Один за другим вулканы, составлявшие границы Пепельного дола, утихали. Испуганные духи втягивались внутрь жерл как улитки в свои раковины, лавовые потоки быстро мельчали и остывали, воздух очищался от яда.
Вскоре к амфитеатру устремились люди. От входа в долину шли те, с кем Туарэй проделал путь с равнин; со всех других сторон двигались остатки Девятого легиона. И тех, и других, таких разных, объединяло лишь одно — вера в Элрога Пылающего.
Туарэй, воссоздавший на трибунах мрачную ложу императора, следил за тем, как смертные входили в амфитеатр чрез громадные порталы. Жители равнины падали ниц, лицезря своего бога в блеске полной славы и мощи; легионеры избегали их, продвигались ниже, к тёмному кругу арены. Они пересекали его и опускались на одно колено перед ложей, шеренга за шеренгой. Для горцев было совершенно очевидно, что чужаки — неофиты — не являлись ровней потомкам древнего войска; Девятый выжил, Девятый пронёс веру и верность сквозь столетия, не отступив и не склонившись ни перед кем. Их было тысяча шестьсот три, от стариков, едва волочивших ноги, до детей, питавшихся материнским молоком. Тысяча шестьсот три, из которых осталось удручающе мало крепких мужчин и женщин.
«Жрица, пусть люди равнины и народец холмов займут места на трибунах в том порядке, какой пожелают. Сегодня они будут зрителями».
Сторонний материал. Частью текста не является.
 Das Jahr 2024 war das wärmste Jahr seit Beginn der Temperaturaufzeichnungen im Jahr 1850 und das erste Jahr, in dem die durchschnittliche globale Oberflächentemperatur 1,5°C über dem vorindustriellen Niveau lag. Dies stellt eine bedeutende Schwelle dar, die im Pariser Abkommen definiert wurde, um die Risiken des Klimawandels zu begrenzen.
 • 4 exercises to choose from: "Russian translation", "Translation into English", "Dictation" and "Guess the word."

Самшит, находившаяся на расстоянии, начала раздавать указания, заставляя верующих подниматься с колен и переходить на трибуны.
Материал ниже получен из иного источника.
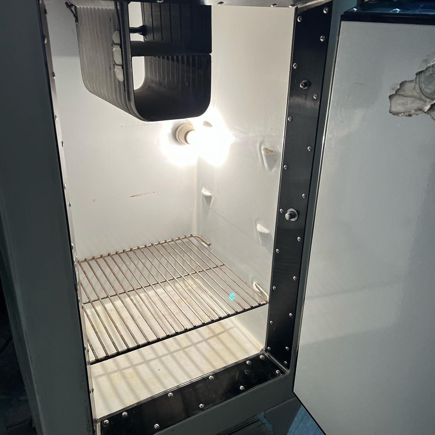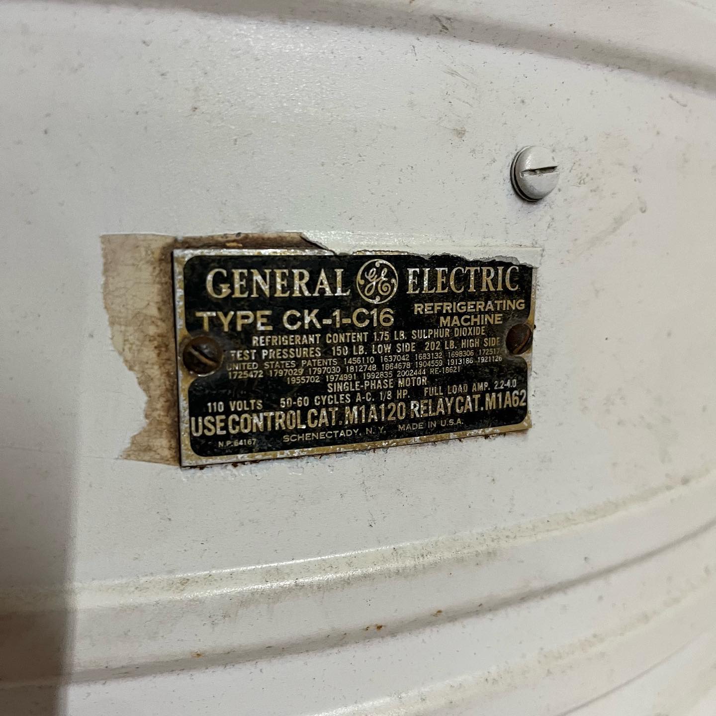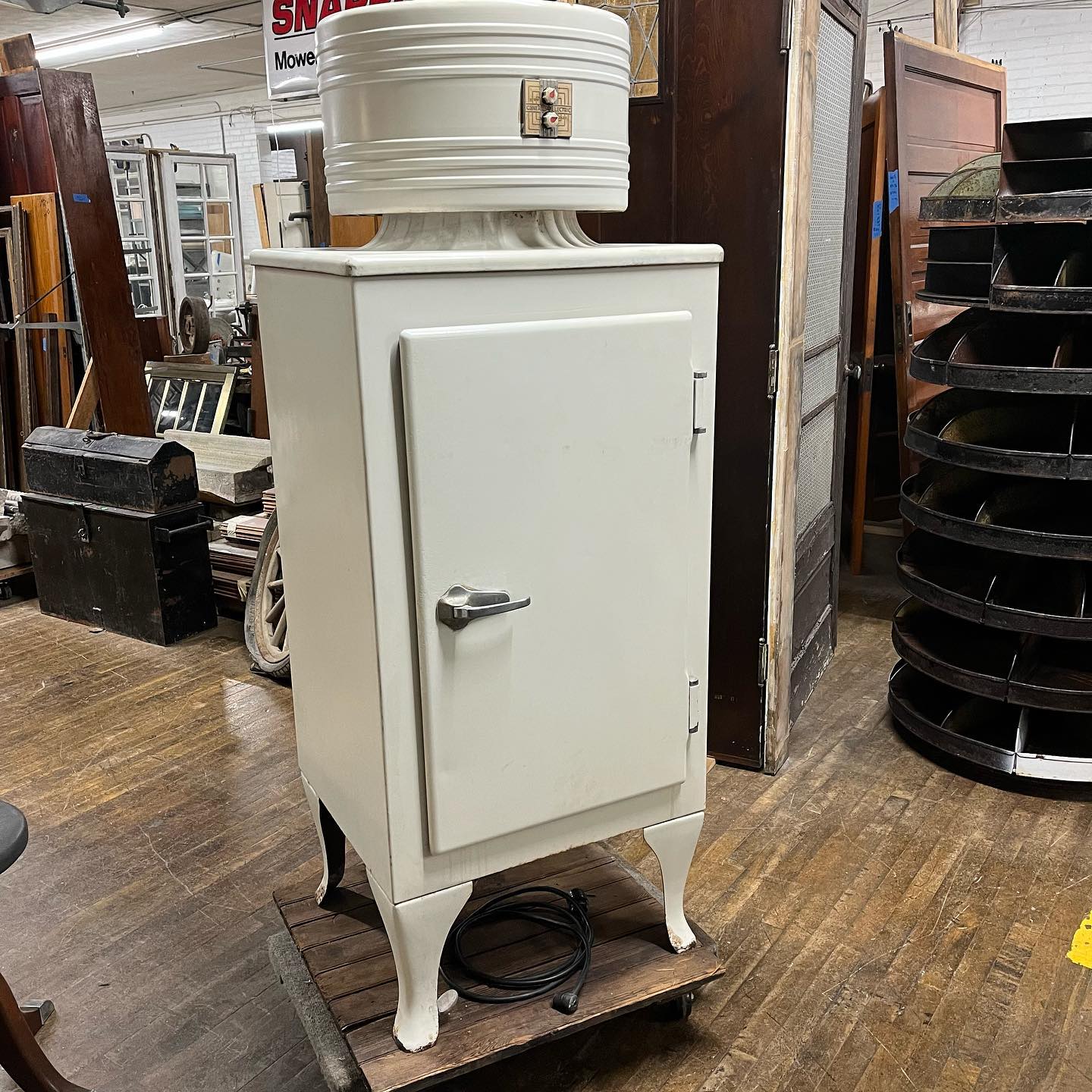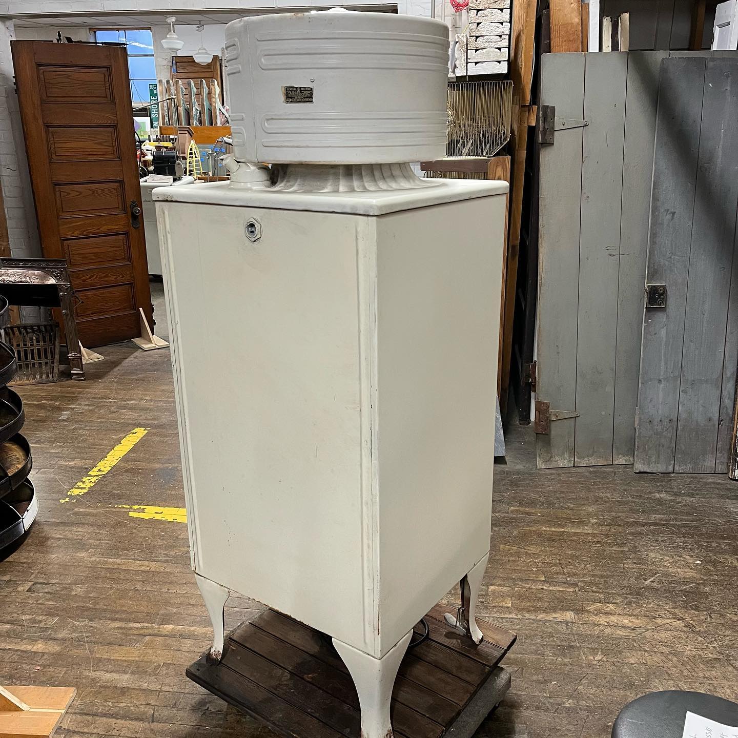 1930’s GE monitor top refrigerator. Non-working, but the light works. There’s even a foot pedal that opens the door. Repurpose into wine/liquor storage or a pantry!

— Девятый легион, — голос бога наполнил чашу и звучал так, словно Туарэй стоял за плечом у каждого, — настало время суда. Вы будете взвешены, очищены, изучены и оценены. Все, кто достиг порога семнадцатого года жизни. Прочим приказываю отделиться и занять места на трибунах.
Подростки и дети стали подниматься с колен, они шли меж своих взрослых родичей, забирали младенцев из рук матерей и занимали первые ряды. Перед ложей осталось меньше четырнадцати сотен душ.
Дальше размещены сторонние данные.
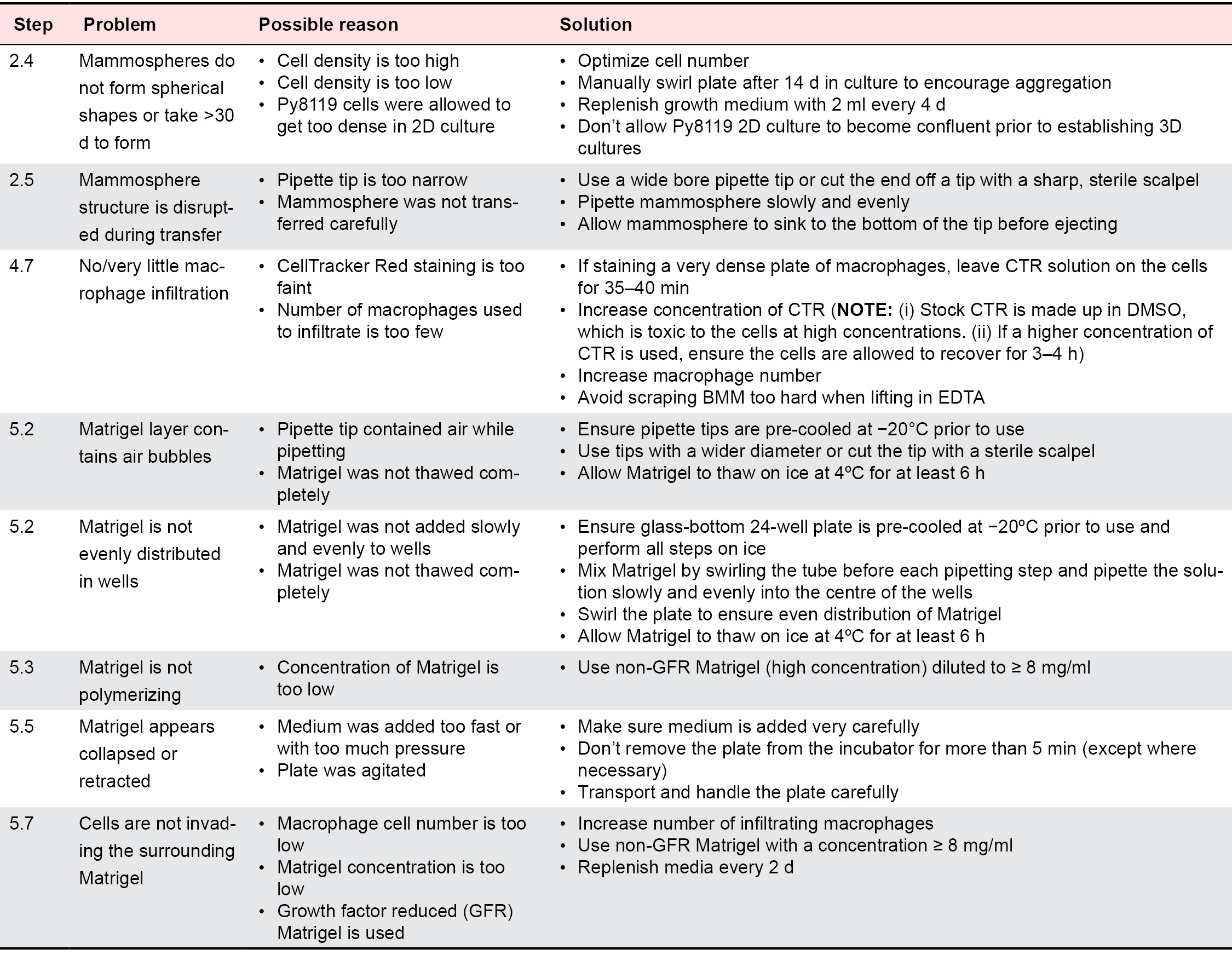 NOTES: (i) Matrigel de-polymerizes after 7 d. (ii) CellTracker Red staining fades after 7 d so confocal images taken of mammosphere invasion into Matrigel should not be used for quantification by immunofluorescence. (iii) Phase contrast images of embedded spheroids should be taken daily from d 0 until the end of the assay at d7. Measurement of the invasive area of cells can then be measured by d 7–d 0. (iv) When using inhibitors, the desired concentration should be added to the Matrigel used to resuspend the mammospheres and to the BMM medium placed on top. Replenish BMM growth medium containing the inhibitors every 2 d. (v) unless fixed prior to flow cytometry analysis, transport cells on ice.

— Все вы будете подвергнуты испытанию, кто-то пройдёт его, кто-то окажется слишком слаб телом или душой. Потом вы будете посчитаны. Если прошедших окажется больше половины, вы получите великий дар и награду выше всех мечтаний. Если же нет, или счёт будет равен, все вы станете пеплом. Такова справедливость Элрога. Слышал ли ты меня, легат?
— Мы все слышали! Слава Пылающему! Пусть его пламя горит в наших сердцах или пусть оно сожжёт нас дотла! — провозгласил Фуриус Брахил, отсалютовав Туарэю поднятым кулаком.
— Да начнётся…
— Подождите!
В портале амфитеатра появилась низкорослая фигура.
— Я отстал! — истошно закричала она. — Я отстал! Подождите!
— Легион двигается со скоростью своего самого медлительного солдата. — Брахил поднялся и обернулся к калеке, что ковылял на обрубках ног и обмотанных тряпьём кулаках. — Ты будешь задерживать нас.
— Не лишай меня этого, легат! Не смей! — ответил Квинтус Бракк. — Я отдал жизнь легиону! Я ещё дышу и ещё воюю! Я эвокат! Я заслужил!
— Ты обрубок человека, — беспощадно отвечал легат, — и в грядущем испытании можешь подвести нас.
— Я задержу легион не больше, чем эти дряхлые старики и старухи здесь! — упрямо кричал калека, подбираясь всё ближе к Брахилу. — И вообще, это не тебе решать! У нас есть бог!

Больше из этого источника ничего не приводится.